Auto maker BMW Group is to open a plant in Brazil in 2014, which will create more than 1,000 direct jobs and provide a major boost to supply chain employers.
As reported previously by Recruiter, the general rule in the UK at least is that every job within an OEM [original equipment manufacturer] creates 7.5 jobs in the supply chain.
The plans are still subject to approval by the Brazilian government, with BMW announcing its bid to make the $200m (£125m) investment to president Dilma Rousseff earlier this week.
BMW’s planned investment is made under recently-adopted ‘Inovar Auto’ (‘Self innovate’) legislation, which provides a new framework for investors.
Ian Robertson, BMW board member responsible for sales and marketing, says: “Brazil is a market with tremendous potential for the future for the BMW Group.
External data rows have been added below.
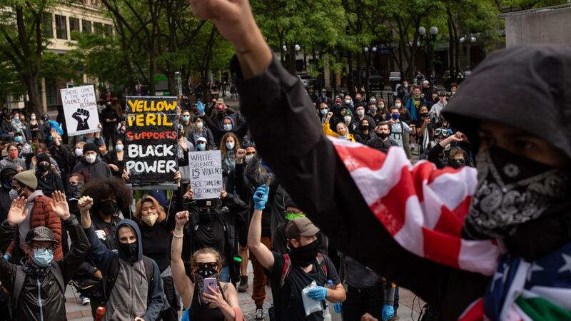 Demonstrators gather to protest the recent death of George Floyd on May 31, 2020 in Seattle, Washington. Protests due to the recent death of George Floyd took place in Seattle and its suburb of Bellevue, with looting in Bellevue and at least one burned automobile there. David Ryder/Getty Images/AFP David Ryder / GETTY IMAGES NORTH AMERICA / Getty Images via AFP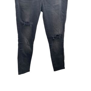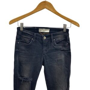 Features a low rise, stretch denim, dark grey/black shade with knee and thigh rips, zip fly and button closure. Excellent preowned condition, no flaws.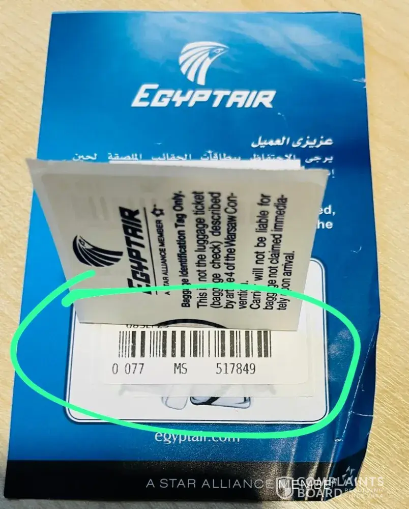 My luggage was checked in at Jeddah airport and I didn't receive it on London airport. The luggage tag number is: MS798099 and the flight number was: MS779.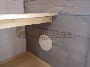 - Внутренняя обшивка: стены – евровагонка штиль, пол – доска шпунт или ламинат (на выбор). Обработка древесины защитным средством. Цвет – стены - белый лиссирующий, торцы и пол – серый лиссирующий.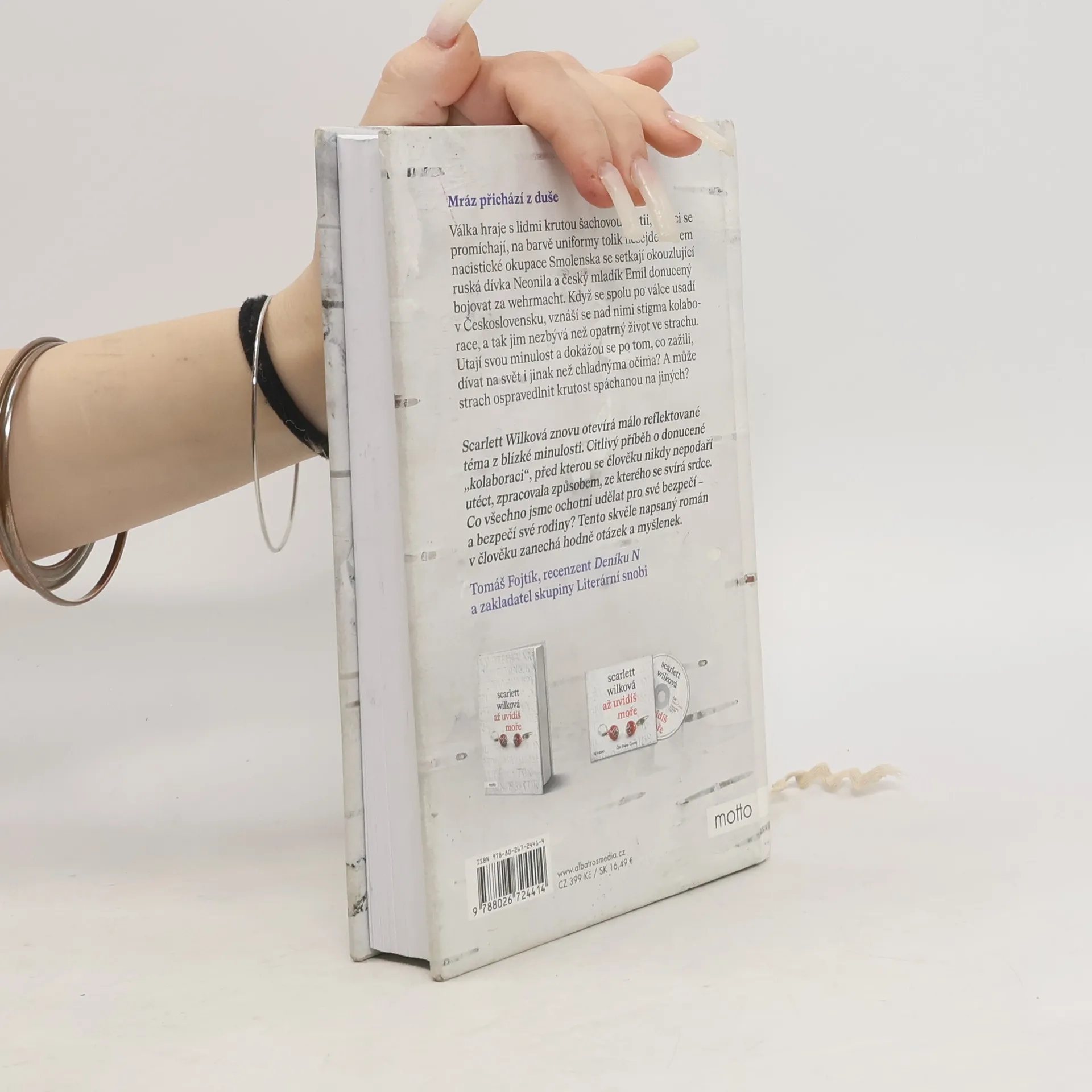 Mráz přichází z duše. Historický román od autorky bestselleru Až uvidíš moře.Válka hraje s lidmi krutou šachovou partii, pěšáci se promíchají, na barvě uniformy tolik nesejde. Během nacistické okupace Smolenska se setkají okouzlující ruská dívka Neonila a český mladík Emil donucený bojovat za wehrmacht. Když se spolu po válce usadí v Československu, vznáší se nad nimi stigma kolaborace, a tak jim nezbývá než opatrný život ve strachu. Utají svou minulost a dokážou se po tom, co zažili, dívat na svět i jinak než chladnýma očima? A může strach ospravedlnit krutost spáchanou na jiných? Scarlett Wilková přichází s druhým románem, v němž opět otevírá citlivé a málo reflektované téma novodobých dějin.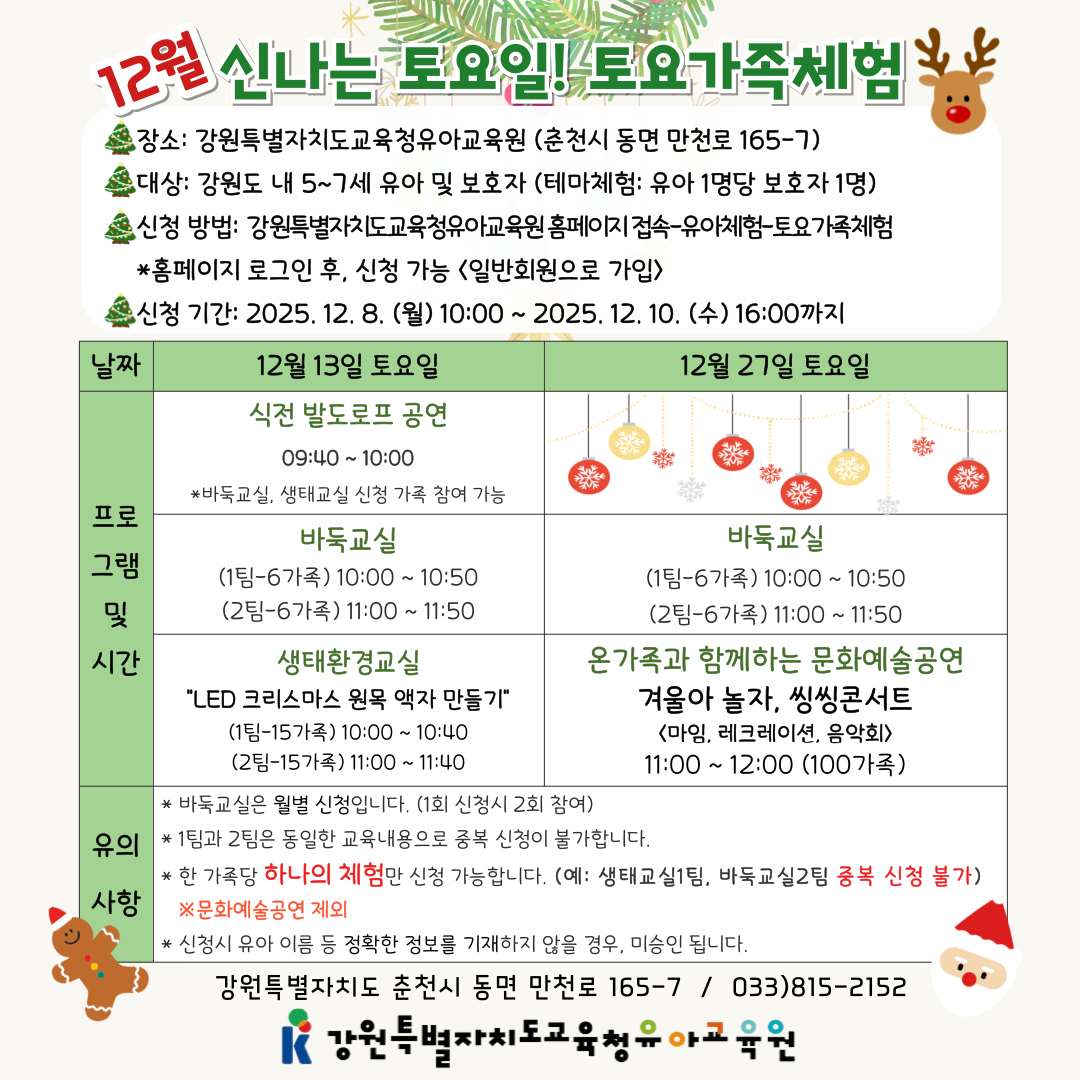 12월 신나는 토요일 토요가족체험 안내 입니다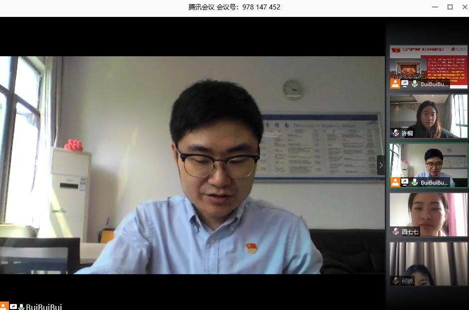 大家积极自学相关内容,为线上会议做足准备。会议包括以下议程:1.支部书记王湛明同志讲授党课,组织大家重温《中国共产党章程》;2.每位党员依次结合自学内容从“如何自觉践行党章,如何忠诚履行使命”谈责任担当;3.为五月入党的党员同志过政治生日。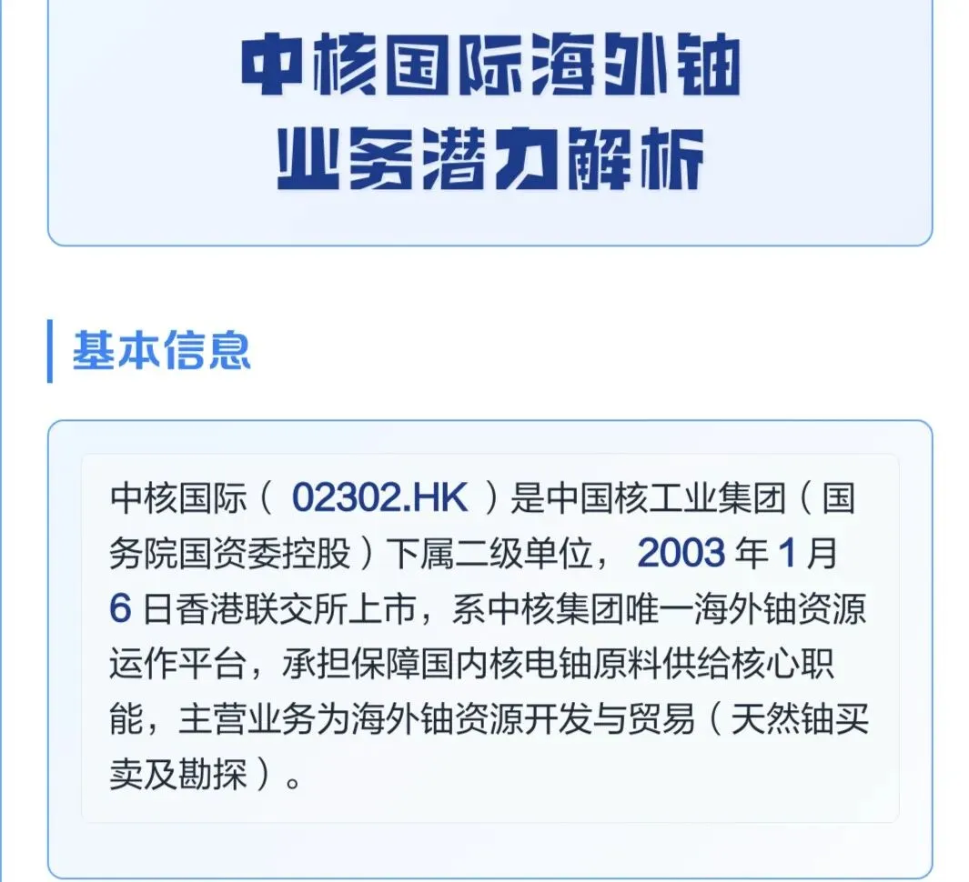 业务范围:海外铀资源。作为中核集团的海外铀资源投融资平台,主要从事海外天然铀资源的开发和贸易。

For that reason, we are strengthening our long-term commitment to this country.
“This will create the necessary conditions for us to maintain the balance of sales between Europe, Asia and the Americas – and, therefore, for the long-term success of our company. With this move, the BMW Group is applying its strategic principle of ‘production follows the market’, which has already proved successful in markets such as the US, China and India.”
Brazil is one of 14 countries worldwide where BMW produces vehicles, having manufactured motorcycles there since 2010, in addition to a local sales company since 1995.